┌──

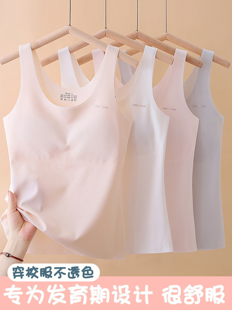 Fixed Chest Pad Girls' Developmental Period Underwear, Long Vest for Girls in the Second and Third Stages of Development, Inner Wear Bra for Older Children and Junior High School Students
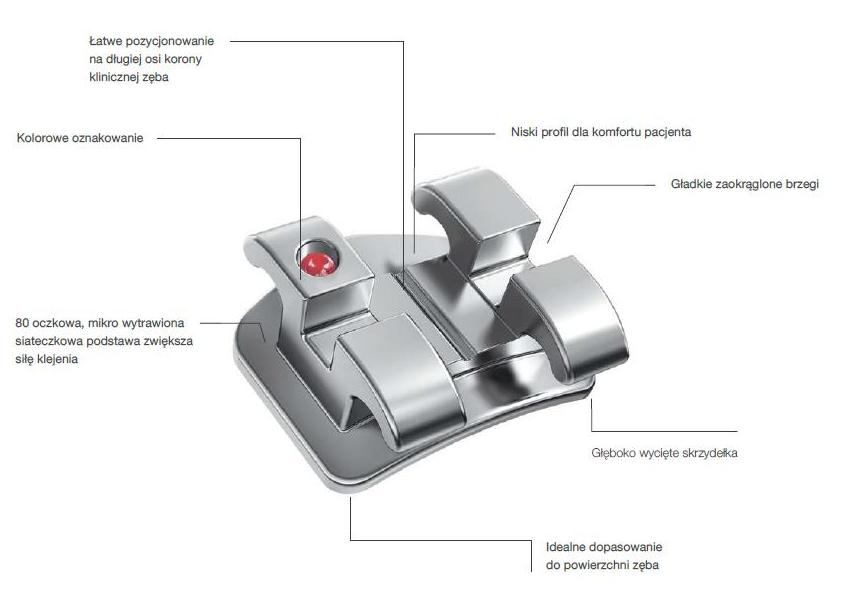 Zamki mini to zwiększenie komfortu, łatwiejsze utrzymanie higieny jamy ustnej oraz przyjemniejszy estetycznie wybór dla Państwa pacjenta. Zamek odlany ze stopu stali nierdzewnej 17-4 tworzy integralną całość z haczykami, co zapewnia łatwe i bezpieczne zaczepianie elastików. Ukośnie wyprofilowane okluzyjne skrzydełka dolnych siekaczy redukują możliwość interferencji siecznych. 80 oczkowa, mikro wytrawiona siateczka na podstawie zamka zapewnia najlepszą z dostępnych na rynku retencji. Odpowiednie ukształtowanie i wyprofilowanie bazy umożliwia precyzyjne dopasowanie do powierzchni korony zęba. Właściwie ukształtowanie mezjalnodystalne oraz zgryzowo- dziąsłowe podstawy zapewnia prawidłowe i sprawne umiejscowienie zamka. Kolorowe oznakowania na każdym z zamków ułatwiają identyfikację.
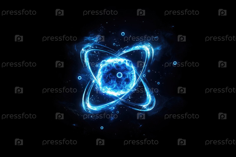 Светящаяся синяя атомная структура с вращающимися частицами
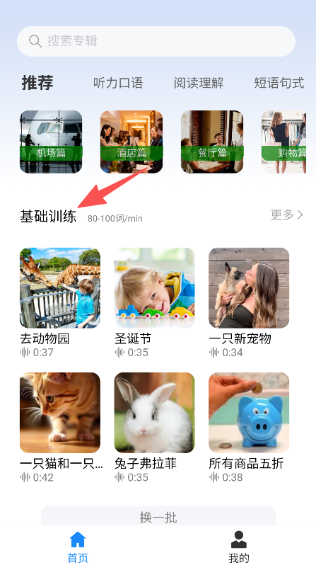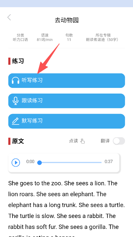2、提供多形式练习方式,含听写、跟读等,匹配不同英语能力维度的训练需求。

└──

Copy out the data exactly and keep the pictures out.

 Fixed Chest Pad Girls' Developmental Period Underwear, Long Vest for Girls in the Second and Third Stages of Development, Inner Wear Bra for Older Children and Junior High School Students
 Zamki mini to zwiększenie komfortu, łatwiejsze utrzymanie higieny jamy ustnej oraz przyjemniejszy estetycznie wybór dla Państwa pacjenta. Zamek odlany ze stopu stali nierdzewnej 17-4 tworzy integralną całość z haczykami, co zapewnia łatwe i bezpieczne zaczepianie elastików. Ukośnie wyprofilowane okluzyjne skrzydełka dolnych siekaczy redukują możliwość interferencji siecznych. 80 oczkowa, mikro wytrawiona siateczka na podstawie zamka zapewnia najlepszą z dostępnych na rynku retencji. Odpowiednie ukształtowanie i wyprofilowanie bazy umożliwia precyzyjne dopasowanie do powierzchni korony zęba. Właściwie ukształtowanie mezjalnodystalne oraz zgryzowo- dziąsłowe podstawy zapewnia prawidłowe i sprawne umiejscowienie zamka. Kolorowe oznakowania na każdym z zamków ułatwiają identyfikację.
 Светящаяся синяя атомная структура с вращающимися частицами
2、提供多形式练习方式,含听写、跟读等,匹配不同英语能力维度的训练需求。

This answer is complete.